This is a program in two parts. The clojure section reads json in stdin (see core.clj) and returns json characterizing parts of speech in that text using corenlp. This is used in an emacs extension (here on MELPA) which allows you to highlight text and have it colored and tagged according to its part of speech as shown in the image above.
Emacs and the java
command on your PATH. For development, requires lein to build clojure.
For users: just install the speech-tagger
package from MELPA. Downloads a pretty large jar file on first use, and also on updates, so don't be scared if it takes a while to download and looks like it's frozen the first time; it only happens once.
For devs: load
the el file, or add it to load-path
and (require 'speech-tagger)
. Run lein uberjar
to produce the standalone jar, then move that to emacs/speech-tagger.jar
, or alternatively just customize speech-tagger-jar-path
to point to the compiled jar. (I could make a build system that does this automatically, but eh.) Set speech-tagger-is-development
to non-nil to avoid re-downloading the jar file.

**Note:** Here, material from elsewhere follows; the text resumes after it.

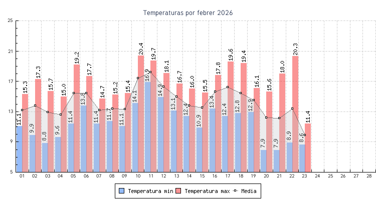 | 23 | 8.6 °C | 11.4 °C | 9.9 °C | 0.2 km/h (6.4 km/h) | NO |
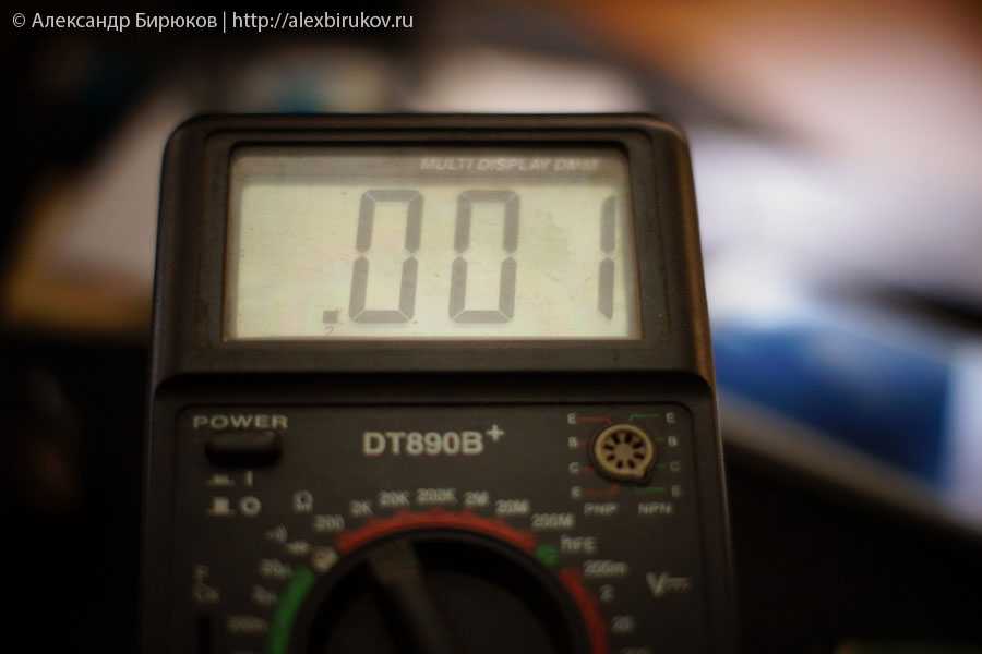 Для прозвонки можно использовать простой измерительный прибор, например, DT-830B. В первую очередь необходимо установить переключатель измерений в режим проверки минимального сопротивления — 200 Ом, после чего соединить щупы между собой. Индикатор прибора при соединённых щупах должен показывать минимальное значение R, которое стремится к нулю, например, 0,03 Ома. После так называемой калибровки можно приступить к измерениям.

The interactive functions exported by this extension follow a common protocol: if a region is active, then modify the region; otherwise modify the entire buffer. If a prefix argument is provided, they read in a buffer to modify the entirety of. A given region will be expanded to whitespace boundaries (so if region is around the l
characters in he|ll|o
, the entirety of |hello|
will be selected).
(defun speech-tagger-tag-dwim (pfx)
Tag parts of speech in the appropriate region. "dwim" is an abbreviation for "do what I mean;" hopefully what I the developer mean is close enough to what you the user mean. Tagging, as shown in the image above, colors a part of speech and adds a tooltip to it so that if you mouse over or move point over the part of speech, you get a description of the part of speech and example of that part of speech.
(defun speech-tagger-clear-tags-dwim (pfx)
As above, but clears the region of all such tags.
(defcustom speech-tagger-jar-path
Path to folder containing jar file used to tag parts of speech. Normal users won't need to touch this since it's included in the MELPA package, but developers may find it useful.
(defun speech-tagger-clear-state ()
Useful in the case that something screws up and you wish to debug. Should revert all lisp code back to the same as when first loaded. This isn't autoloaded, so you'll have to explicitly (require 'speech-tagger)
or have already used one of the autoloaded functions.
(defun speech-tagger-force-refresh-jar ()
Re-downloads jar file and md5sum. Useful for debugging jar downloads.
Honestly? I was bored. I've taken enough language classes to be able to characterize parts of speech without a computer by my side. Maybe I'll think of a use for nlp integration in text editors at some point in the future.
A friend of mine said it might be cool if I was to tag parts of speech in a separate language, then offer a translation of that text. It might be pretty cool to offer that, in addition to a google translation of the text. Tagging parts of speech in all the languages corenlp supports might be useful for teaching? We'll see.